Stored records:
◆ ◆ ◆
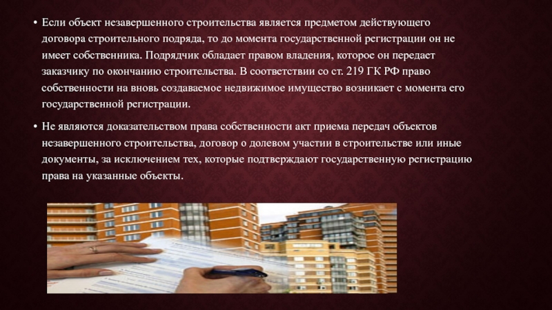 Слайд 37Если объект незавершенного строительства является предметом действующего договора строительного подряда,
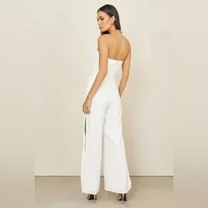 The Nami Jumpsuit from Runaway the label features wide legs and high split on the side. Sleeveless with folded neckline, boning on the bodice, gel tape along the bust area, pockets, a centre back invisible zipper. This garment has lining only on the bodice and no stretch. Body fabric : 100% Polyester, Lining 97% Polyester, 3% Spandex. Please refer to care label for garment care instructions. Colours may appear slightly different to the website due to lighting, computer picture resolution and monitor settings. Perfect for a bride!
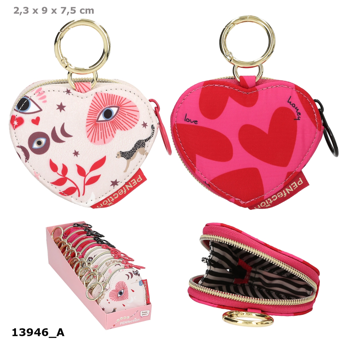Den søde, hjerteformede pung med flotte mønstre og stribet inderfor fra PENfection kan sikkert og smart fastgøres til din taske, rygsæk eller bæltestrop ved hjælp af den runde, guldfarvede karabinhage. Med matchende guldfarvet lynlås med stor, kontrastfarvet lynlåsring i hvilken, du kan fastgøre et vedhæng som fx. en Happy Charm for at personliggøre din pung. Fås i to varianter: pink med rødt hjerteprint, sort- og hvidstribet inderfor samt sort lynlåsring, og svag rosa med mønstret print i rødlige farver, rød- og pinkstribet inderfor samt rød lynlåsring.
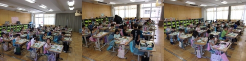 教室に入った瞬間「校長先生,給食おいしい」と元気よく話してくれる子もいました。
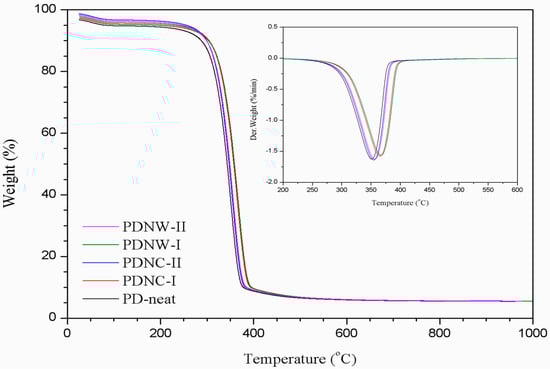 The thermal stability of membranes was evaluated by TGA analysis. From Figure 4, the TGA curve of each sample revealed an initial weight loss, in a temperature range of 60–170 °C. It was considered to be related to the vaporization of water content absorbed by the PDLA membrane. Beyond 250 °C temperature, the samples filled with nanocellulose revealed higher Tonset than the PD-neat sample. This indicated that the introduction of nanocellulose tends to improve the thermal heat resistance of PDLA polymer through hydroxyl groups reactions on both components. Meanwhile, the Tonset were lower for 2 wt.% nano-filled PDNC-II and PDNW-II samples, as compared to their corresponding PDNC-I and PDNW-I samples with 1 wt.% filler loadings (Table 2). This was likely due to a larger amount of nanocellulose with the presence of sulfate groups on the surface, which could induce an earlier thermal decomposition of PDLA molecules []. Furthermore, from the DTG curve, the PDNW-I showed the most stable thermal degradation among those samples, with its Tpeak occurring at 367.4 °C. This also demonstrates that the PDNW-I membrane had promising thermal stability, which would be suitable for a water filtration application process under extreme temperatures.
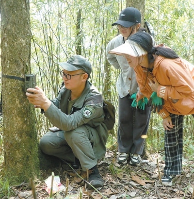 四川大相嶺大熊貓野化放歸研究基地巡護(hù)員在安裝調(diào)試紅外線相機(jī)。楊愛(ài)玲攝
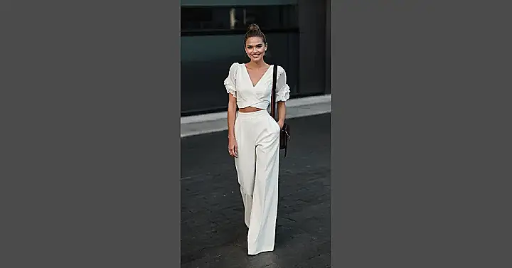 This outfit screams “sophisticated,” but in a way that’s totally relatable. Imagine strolling through a fancy museum or sipping lemonade on a sunny patio – this cream-colored dream is perfect for either! The wide-leg pants are so comfy, you’d forget you’re wearing anything at all, which is the mark of a true fashion icon. Plus, the puff sleeves on the blouse add a touch of whimsy; they’re like little clouds of elegance surrounding you. It’s the perfect mix of classic and modern, proving you don’t need diamonds to shine!
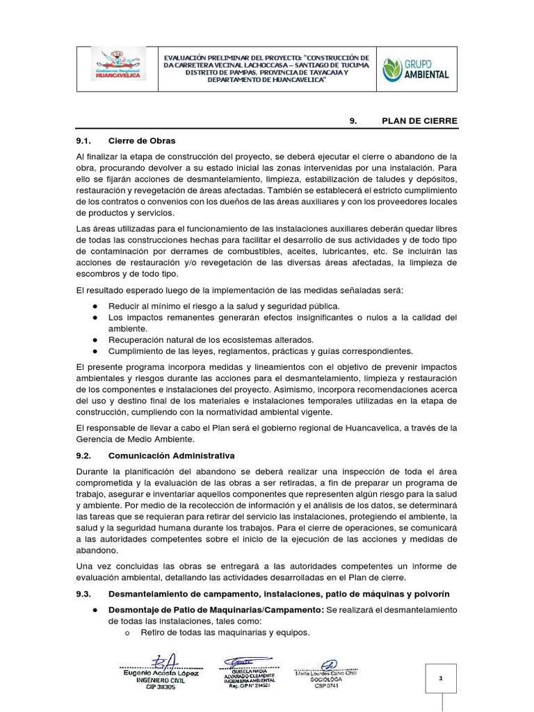 evaluación ambiental, detallando las actividades desarrolladas en el Plan de cierre.
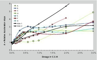 Basically, 4 types of accelerating behaviors can be identified. (1) A small addition rapidly reduces the “dormant period”, then the acceleration increases until reaching a plateau (cement D); (2) The hydration is further accelerated with a higher dosage of C-S-H (cement F); (3) sometimes the dormant period is not completely suppressed (cement E); and (4) finally the hydration of pure alite shows an immediate increase of the acceleration, still combined with a long dormant period. The evolutions of relative acceleration A for all cements are shown in Figure 4.
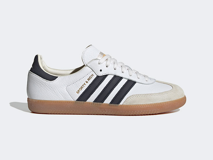 Drawing inspiration from vintage athletic wear, the collaborative collection breathes new life into archival pieces, skillfully infusing them with refined intricacies and unisex sizing. The iconic Samba OG Sporty & Rich makes its triumphant return in three captivating color palettes: pristine white, vibrant blue rush, and delicate cream white. Each pair arrives with a captivating pearl key-ring, perfectly nestled within a bespoke co-branded box.
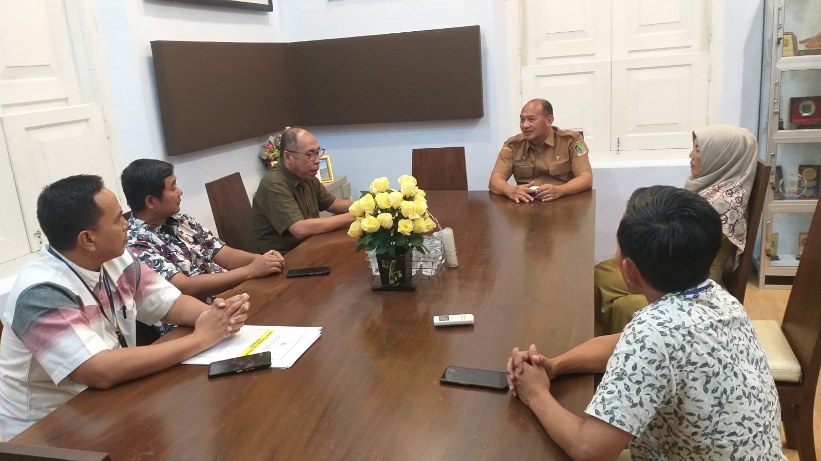 Kepala Kantor Pelayanan Pajak (KPP) Pratama Banyuwangi Ahmad Fudholi melaksanakan pertemuan dengan Firman Sanyoto selaku Kepala Badan Pendapatan Daerah (Bapenda) Kabupaten Banyuwangi (Selasa, 13/6). Pertemuan dilaksanakan di Ruang Kliring Blambangan Bapenda Banyuwangi, Jl. Jaksa Agung Suprapto No.140, Lingkungan Cuking Rw., Mojopanggung, Kec. Giri, Kabupaten Banyuwangi, Jawa Timur.
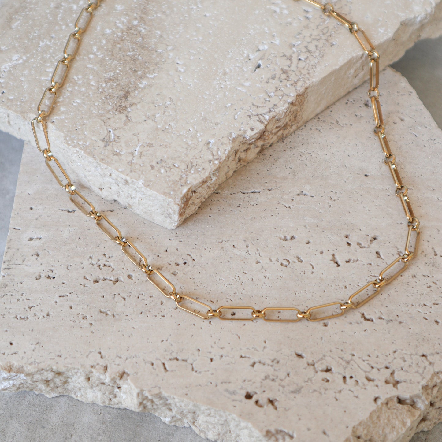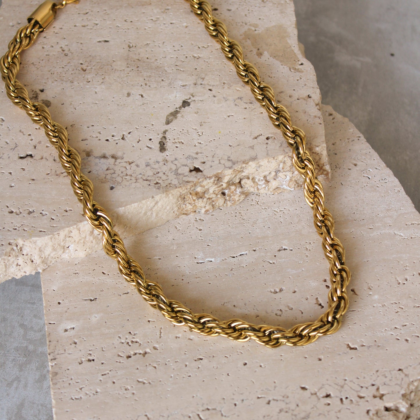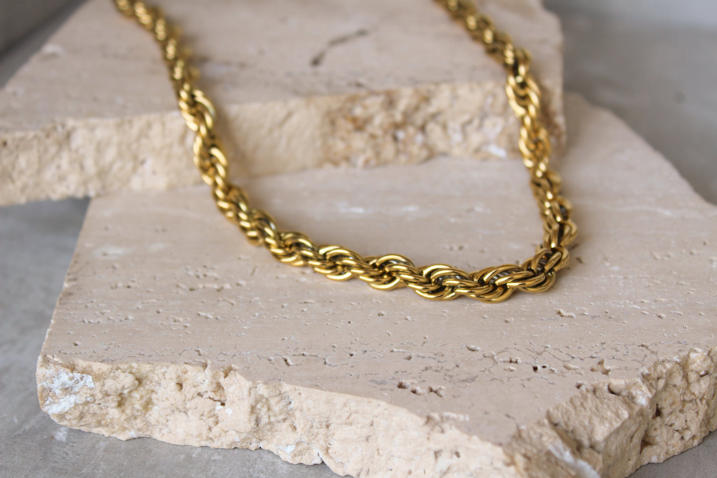 Bonita, ligera con un tono dorado bonito. Es de buena calidad, no es suuuuuper gruesa pero sí es más ancha que otras.
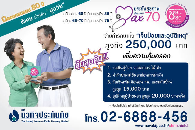 นวกิจประกันภัย ฉลองดำเนินธุรกิจประกันภัยครบรอบ 80 ปี ส่ง “แผนประกันสุขภาพ Max 70” คืนกำไรให้กลุ่มผู้สูงอายุตั้งแต่ 51-70 ปี กรณีสมัครก่อน 66 ปี ต่ออายุได้ถึง 85 ปี อายุ 66-70 ปี ต่ออายุได้ถึง 75 ปี ด้วยวงเงินเบิกค่ารักษาพยาบาลทั้งจากโรคภัยไข้เจ็บและอุบัติเหตุ สูงถึง 250,000 บาท มีให้เลือกทั้งการรักษาแบบผู้ป่วยในและผู้ป่วยนอก เพี่อพร้อมรับมือกับความเสี่ยงต่อโรคเมื่อมีอายุมากขึ้น เพิ่มความอุ่นใจและคลายความกังวลในเรื่องค่าใช้จ่ายในการรักษาพยาบาลที่สูงขึ้นเรื่อยๆ ทุกปี
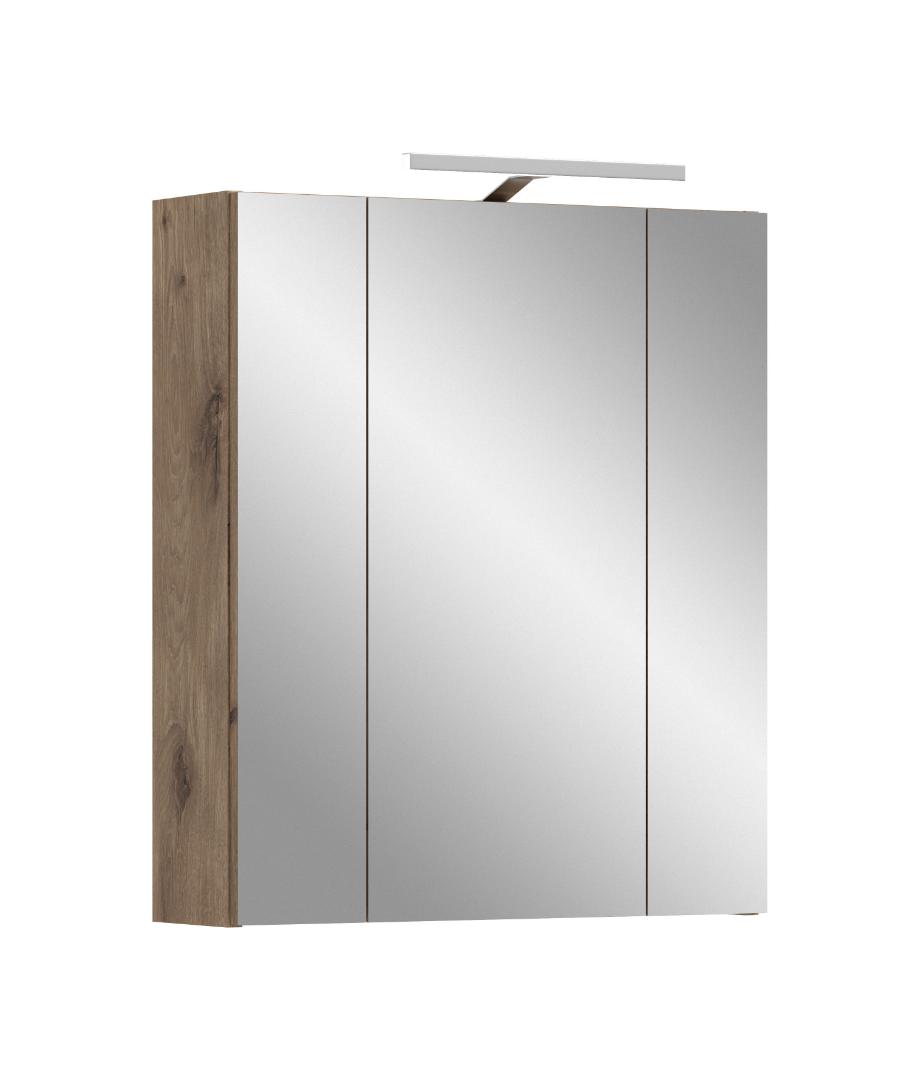 Ice Spiegelschrank Bad Inkl. Beleuchtung 3 Spiegeltüren Schwarz matt, Eiche Dekor.
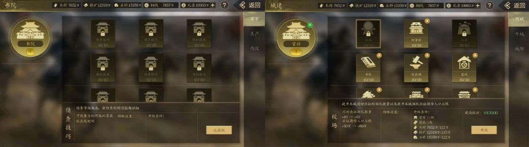 1、攻占之前:在书院中将相关军事技巧提升到满级,提升军队属性。在城建中提升校场等级,提升可出征兵力。
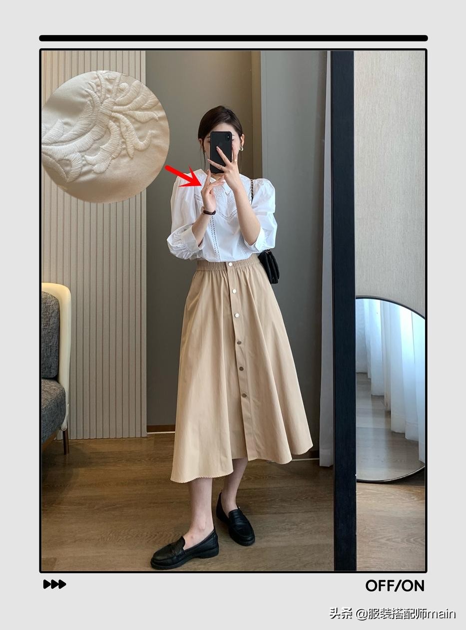 而且把襯衫衣擺塞進高腰的裙子裡,還超顯腿長的,對自己腿型不是很自信的女生,一定非常適用。
◆ ◆ ◆
# WHAT YOU WILL DO:
All entries above are to be set down word for word, and the pictures are to be left out.

# WRITTEN RESPONSE:
 Слайд 37Если объект незавершенного строительства является предметом действующего договора строительного подряда,
 The Nami Jumpsuit from Runaway the label features wide legs and high split on the side. Sleeveless with folded neckline, boning on the bodice, gel tape along the bust area, pockets, a centre back invisible zipper. This garment has lining only on the bodice and no stretch. Body fabric : 100% Polyester, Lining 97% Polyester, 3% Spandex. Please refer to care label for garment care instructions. Colours may appear slightly different to the website due to lighting, computer picture resolution and monitor settings. Perfect for a bride!
Den søde, hjerteformede pung med flotte mønstre og stribet inderfor fra PENfection kan sikkert og smart fastgøres til din taske, rygsæk eller bæltestrop ved hjælp af den runde, guldfarvede karabinhage. Med matchende guldfarvet lynlås med stor, kontrastfarvet lynlåsring i hvilken, du kan fastgøre et vedhæng som fx. en Happy Charm for at personliggøre din pung. Fås i to varianter: pink med rødt hjerteprint, sort- og hvidstribet inderfor samt sort lynlåsring, og svag rosa med mønstret print i rødlige farver, rød- og pinkstribet inderfor samt rød lynlåsring.
 教室に入った瞬間「校長先生,給食おいしい」と元気よく話してくれる子もいました。
 The thermal stability of membranes was evaluated by TGA analysis. From Figure 4, the TGA curve of each sample revealed an initial weight loss, in a temperature range of 60–170 °C. It was considered to be related to the vaporization of water content absorbed by the PDLA membrane. Beyond 250 °C temperature, the samples filled with nanocellulose revealed higher Tonset than the PD-neat sample. This indicated that the introduction of nanocellulose tends to improve the thermal heat resistance of PDLA polymer through hydroxyl groups reactions on both components. Meanwhile, the Tonset were lower for 2 wt.% nano-filled PDNC-II and PDNW-II samples, as compared to their corresponding PDNC-I and PDNW-I samples with 1 wt.% filler loadings (Table 2). This was likely due to a larger amount of nanocellulose with the presence of sulfate groups on the surface, which could induce an earlier thermal decomposition of PDLA molecules []. Furthermore, from the DTG curve, the PDNW-I showed the most stable thermal degradation among those samples, with its Tpeak occurring at 367.4 °C. This also demonstrates that the PDNW-I membrane had promising thermal stability, which would be suitable for a water filtration application process under extreme temperatures.
 四川大相嶺大熊貓野化放歸研究基地巡護(hù)員在安裝調(diào)試紅外線相機(jī)。楊愛(ài)玲攝
 This outfit screams “sophisticated,” but in a way that’s totally relatable. Imagine strolling through a fancy museum or sipping lemonade on a sunny patio – this cream-colored dream is perfect for either! The wide-leg pants are so comfy, you’d forget you’re wearing anything at all, which is the mark of a true fashion icon. Plus, the puff sleeves on the blouse add a touch of whimsy; they’re like little clouds of elegance surrounding you. It’s the perfect mix of classic and modern, proving you don’t need diamonds to shine!
 evaluación ambiental, detallando las actividades desarrolladas en el Plan de cierre.
 Basically, 4 types of accelerating behaviors can be identified. (1) A small addition rapidly reduces the “dormant period”, then the acceleration increases until reaching a plateau (cement D); (2) The hydration is further accelerated with a higher dosage of C-S-H (cement F); (3) sometimes the dormant period is not completely suppressed (cement E); and (4) finally the hydration of pure alite shows an immediate increase of the acceleration, still combined with a long dormant period. The evolutions of relative acceleration A for all cements are shown in Figure 4.
 Drawing inspiration from vintage athletic wear, the collaborative collection breathes new life into archival pieces, skillfully infusing them with refined intricacies and unisex sizing. The iconic Samba OG Sporty & Rich makes its triumphant return in three captivating color palettes: pristine white, vibrant blue rush, and delicate cream white. Each pair arrives with a captivating pearl key-ring, perfectly nestled within a bespoke co-branded box.
 Kepala Kantor Pelayanan Pajak (KPP) Pratama Banyuwangi Ahmad Fudholi melaksanakan pertemuan dengan Firman Sanyoto selaku Kepala Badan Pendapatan Daerah (Bapenda) Kabupaten Banyuwangi (Selasa, 13/6). Pertemuan dilaksanakan di Ruang Kliring Blambangan Bapenda Banyuwangi, Jl. Jaksa Agung Suprapto No.140, Lingkungan Cuking Rw., Mojopanggung, Kec. Giri, Kabupaten Banyuwangi, Jawa Timur.
 Bonita, ligera con un tono dorado bonito. Es de buena calidad, no es suuuuuper gruesa pero sí es más ancha que otras.
 นวกิจประกันภัย ฉลองดำเนินธุรกิจประกันภัยครบรอบ 80 ปี ส่ง “แผนประกันสุขภาพ Max 70” คืนกำไรให้กลุ่มผู้สูงอายุตั้งแต่ 51-70 ปี กรณีสมัครก่อน 66 ปี ต่ออายุได้ถึง 85 ปี อายุ 66-70 ปี ต่ออายุได้ถึง 75 ปี ด้วยวงเงินเบิกค่ารักษาพยาบาลทั้งจากโรคภัยไข้เจ็บและอุบัติเหตุ สูงถึง 250,000 บาท มีให้เลือกทั้งการรักษาแบบผู้ป่วยในและผู้ป่วยนอก เพี่อพร้อมรับมือกับความเสี่ยงต่อโรคเมื่อมีอายุมากขึ้น เพิ่มความอุ่นใจและคลายความกังวลในเรื่องค่าใช้จ่ายในการรักษาพยาบาลที่สูงขึ้นเรื่อยๆ ทุกปี
 Ice Spiegelschrank Bad Inkl. Beleuchtung 3 Spiegeltüren Schwarz matt, Eiche Dekor.
 1、攻占之前:在书院中将相关军事技巧提升到满级,提升军队属性。在城建中提升校场等级,提升可出征兵力。
 而且把襯衫衣擺塞進高腰的裙子裡,還超顯腿長的,對自己腿型不是很自信的女生,一定非常適用。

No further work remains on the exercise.